Saved entries:
Segment Open

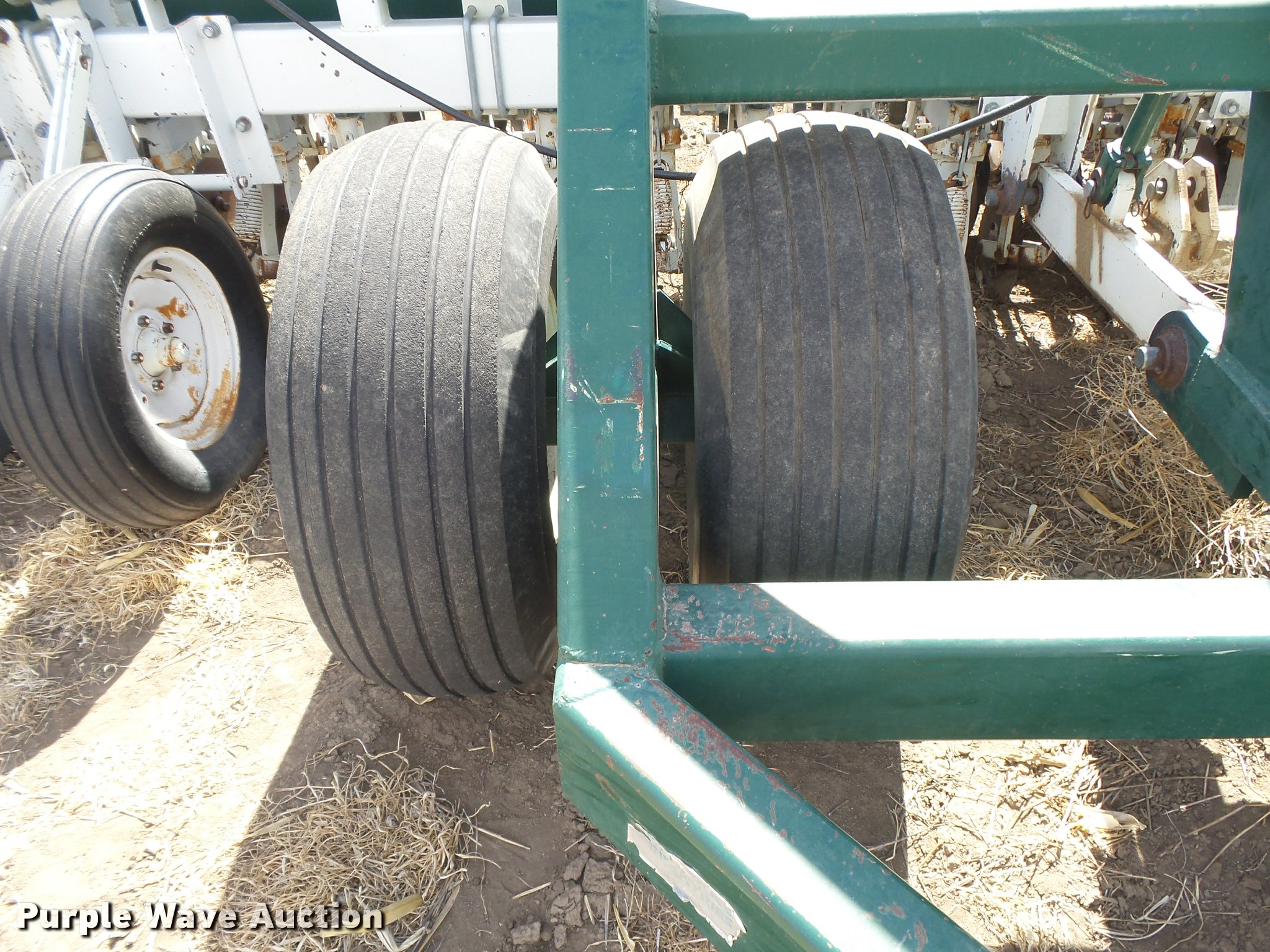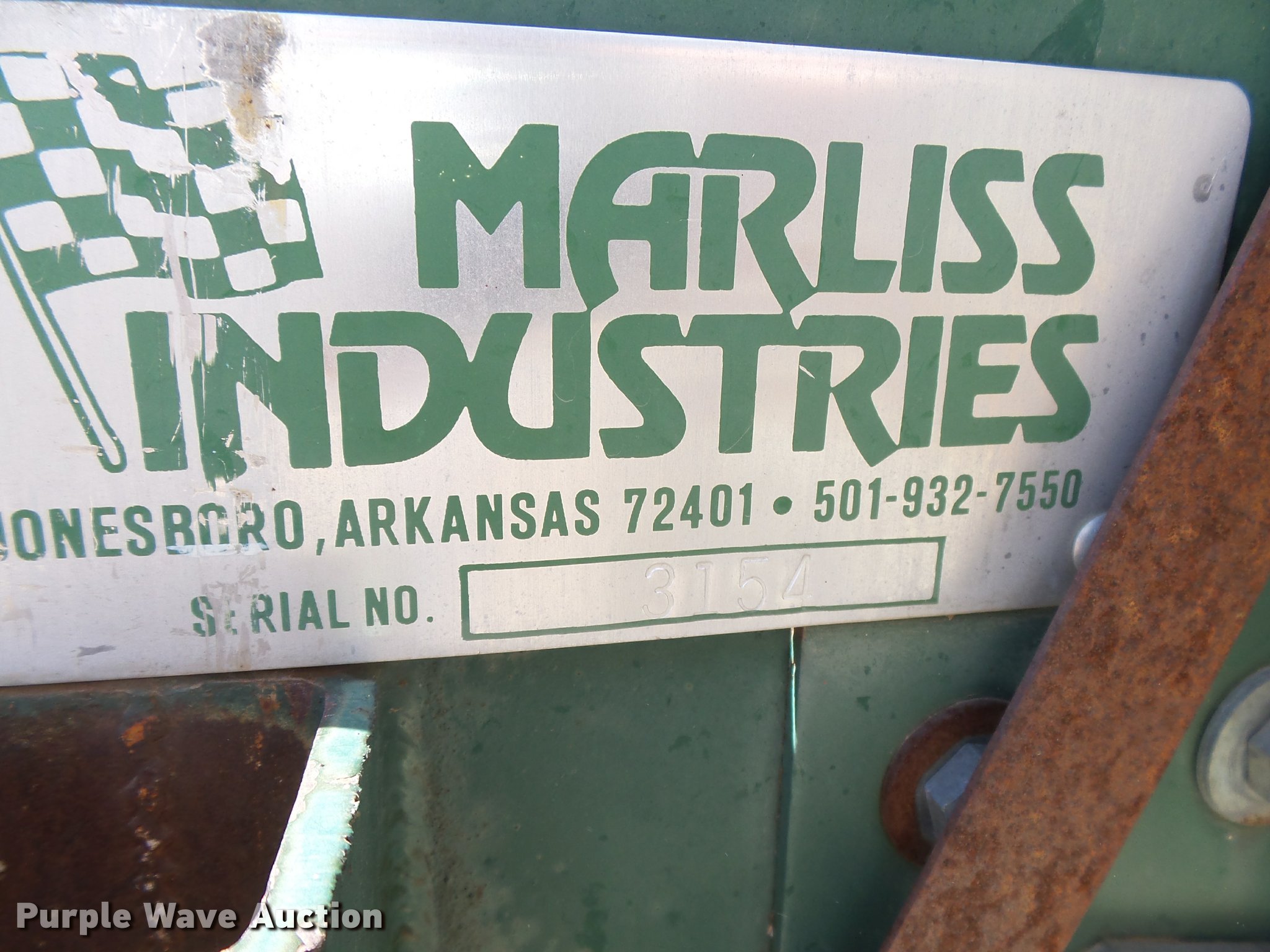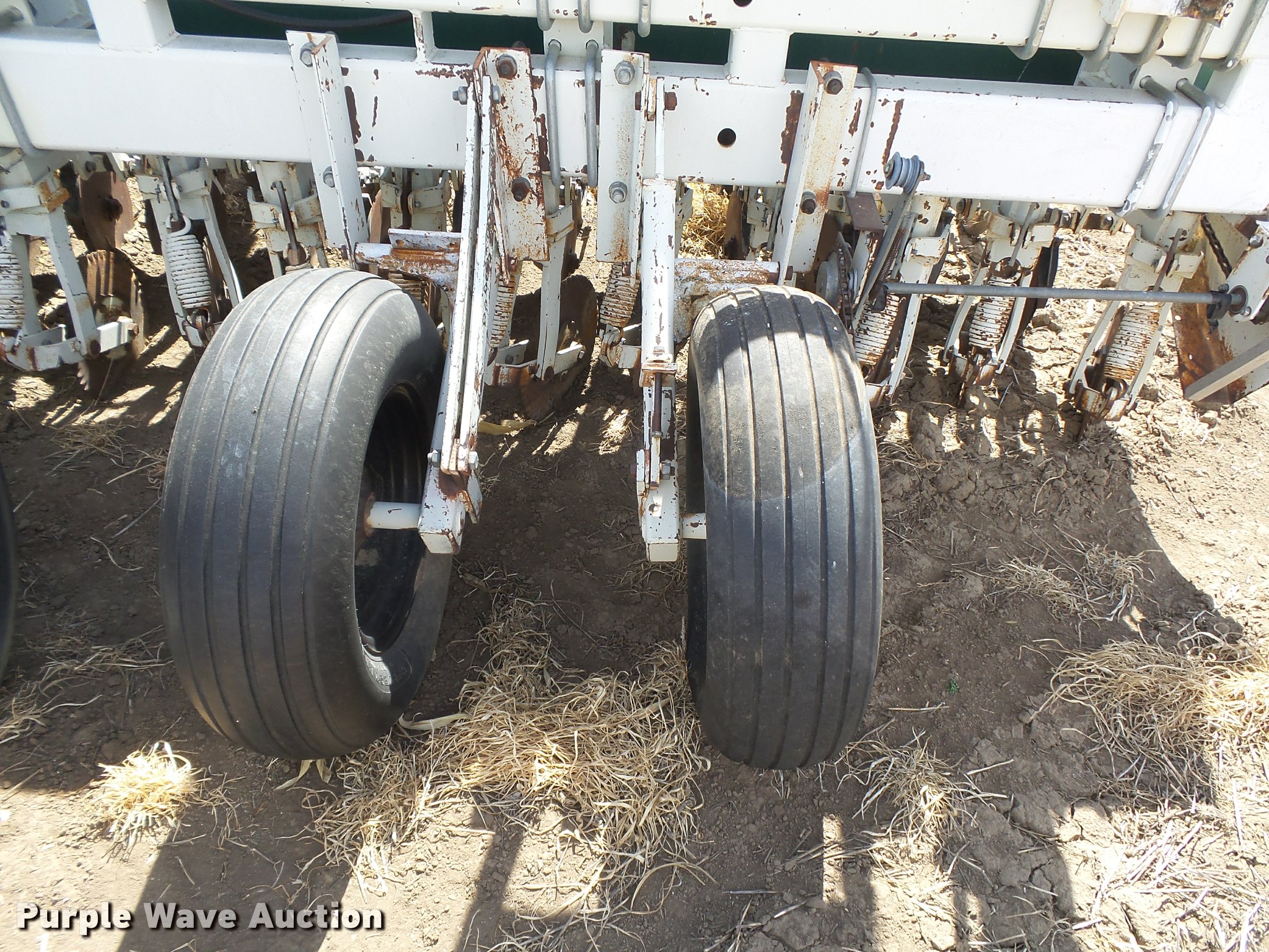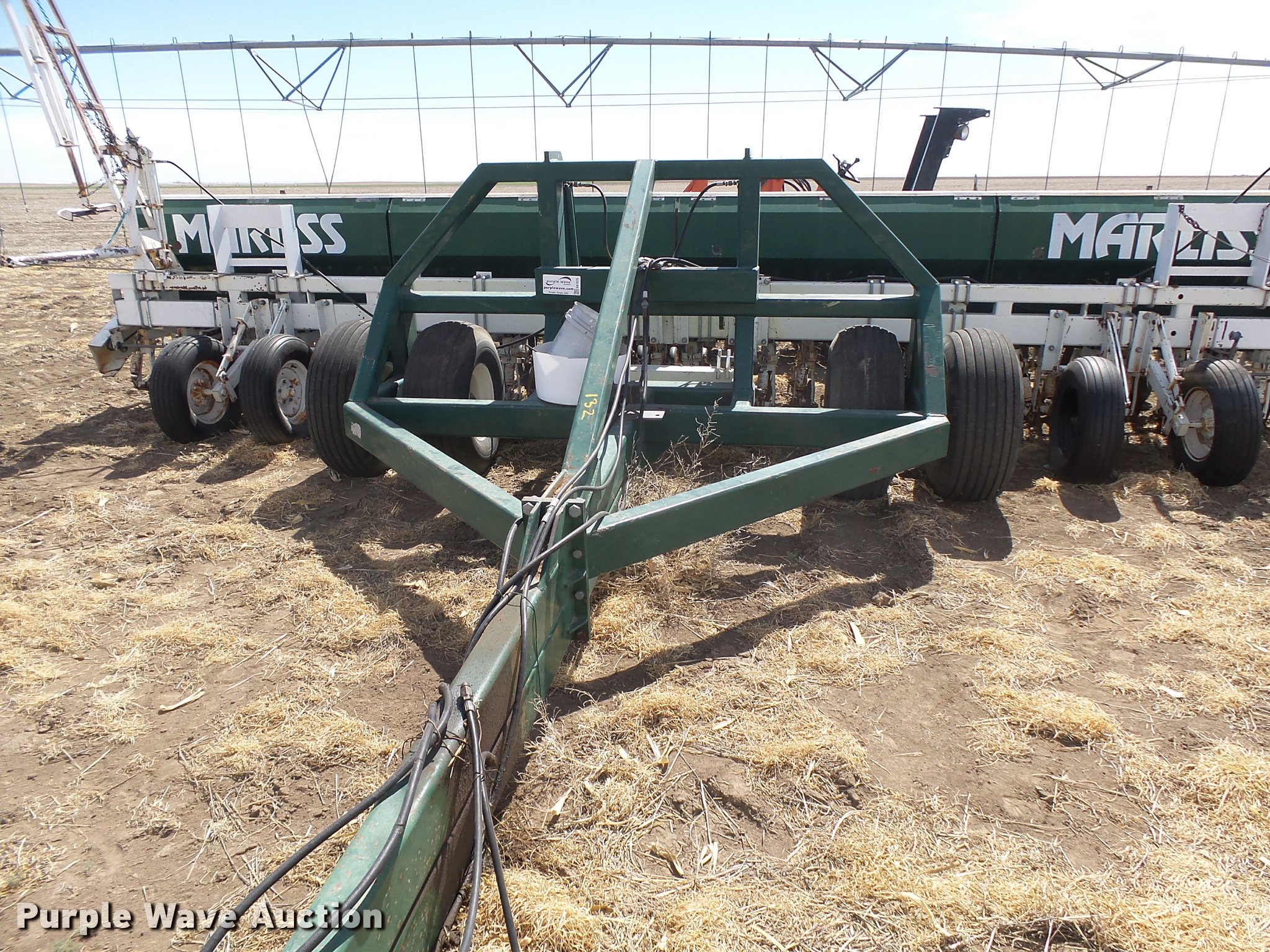 Purple Wave is selling a used Grain Drill or Seeder in Kansas. This item is a Marliss grain drill with the following: 26'W, 32 row units, 10" row spacing, Marker arms, Individual seed hoppers, HD spring down pressure, Double disk openers, Single rubber closing system, Hypro hydraulic driven pump, (4) 14L-16.1 transport tires, (4) 9.5L-15 drive/outside tires, Serial 3154
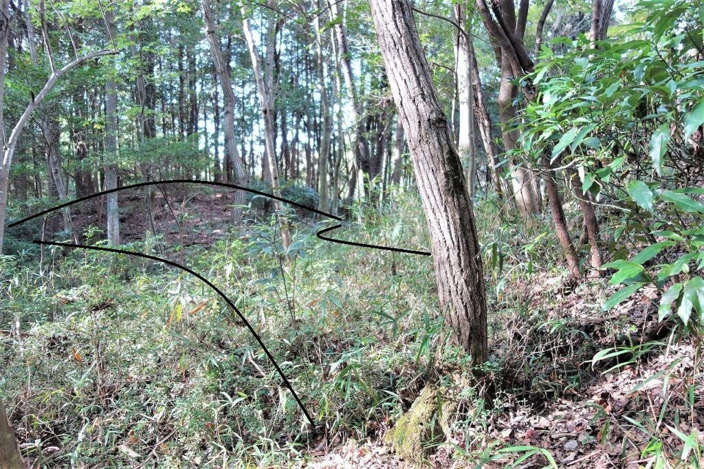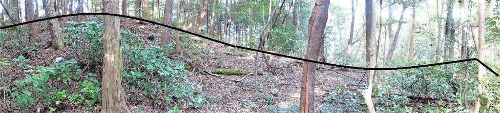 試みに傾斜量図で確かめると、見事に前方後円形が浮かび上がっている。グーグルマップやヤフー地図ではさっぱり分からず、地理院地図でも標準地図では判別できない。航空レーザ測量のおかげで山中における遺跡が見つけやすくなった。説明板を読んでみよう。
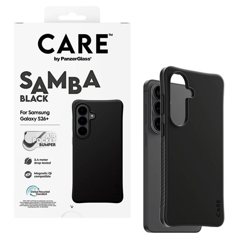 Offrez à votre Samsung Galaxy S26+ une mise à niveau élégante tout en le protégeant jour après jour. La coque CARE by PanzerGlass Qi Samba est fabriquée à partir de TPU 100 % recyclé et conçue pour résister aux chocs, aux chutes et aux rayures quotidiens sans sacrifier le confort. La protection renforcée des coins aide à absorber les chocs, tandis que la finition lisse offre une excellente prise en main et permet de tenir plus facilement le Samsung Galaxy S26+.
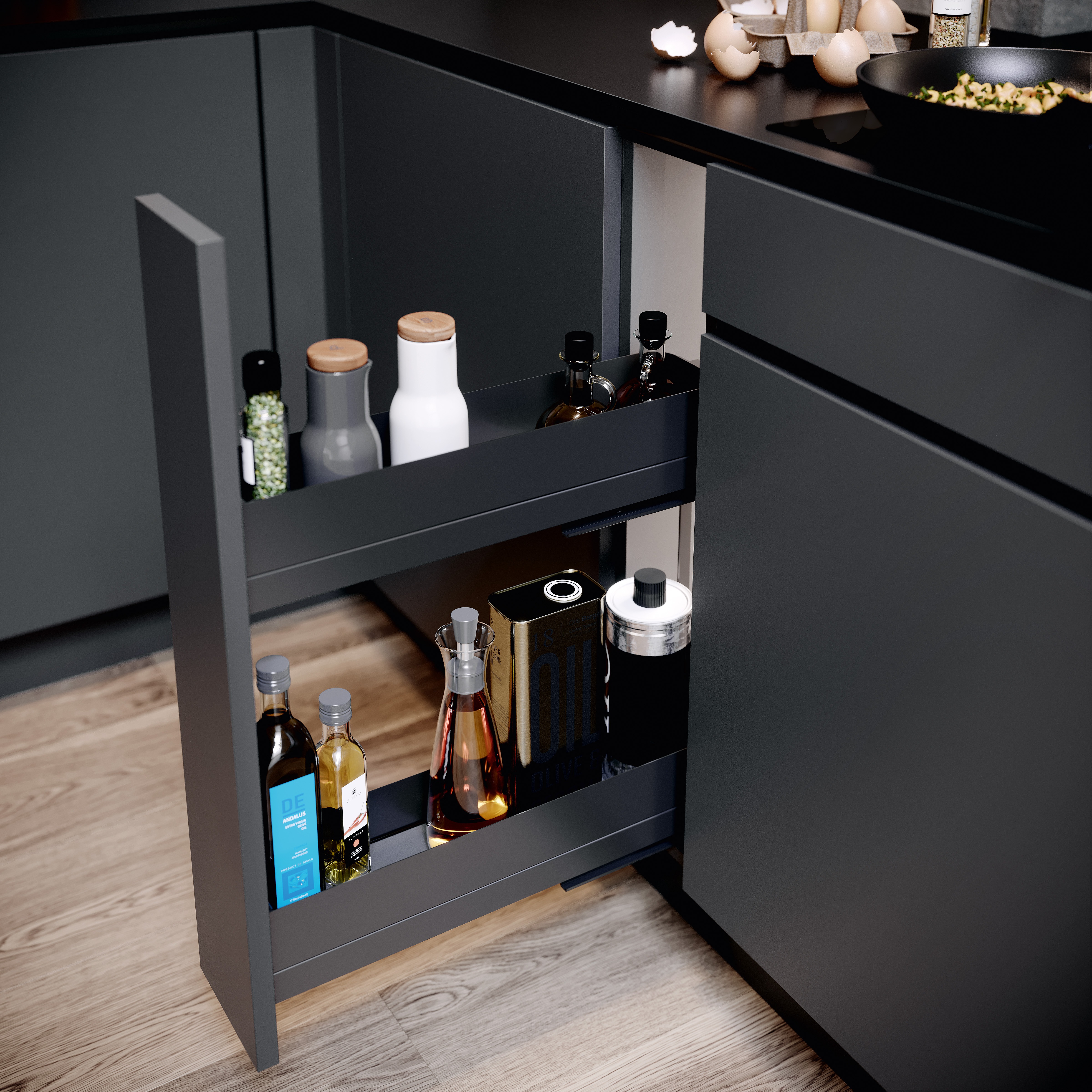 Niches in the kitchen often remain unused – until now. With two stationary shelves the smallest gap becomes a storage space miracle. Installer benefits: -Right Hand Installation Only No need to worry about right or left handed applications, the VS SUB® Slim can only be installed only on
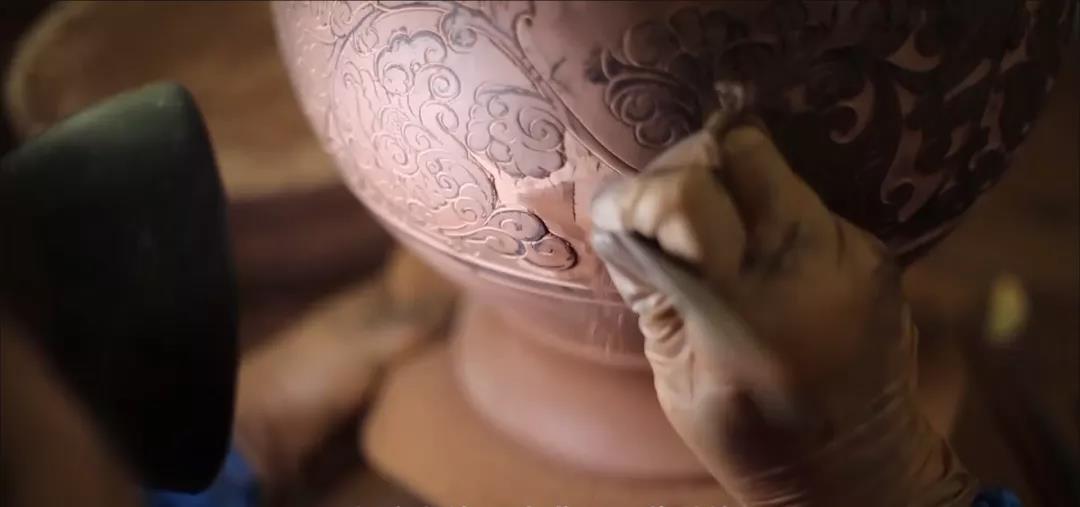 3、雕刻:坭兴陶主要靠雕刻工艺装饰。坭兴陶的泥料特定,宜于浮雕、平雕、捏镂、填充和镶嵌等手法进行工艺装饰。

Segment Closed

## WHAT YOU ARE ASKED TO DO
Write out, exactly and with nothing added, every line from the one that holds "Niches in the" to the end of the entries above; pictures stay out.

## RESULT FOR THIS TASK
 Niches in the kitchen often remain unused – until now. With two stationary shelves the smallest gap becomes a storage space miracle. Installer benefits: -Right Hand Installation Only No need to worry about right or left handed applications, the VS SUB® Slim can only be installed only on
 3、雕刻:坭兴陶主要靠雕刻工艺装饰。坭兴陶的泥料特定,宜于浮雕、平雕、捏镂、填充和镶嵌等手法进行工艺装饰。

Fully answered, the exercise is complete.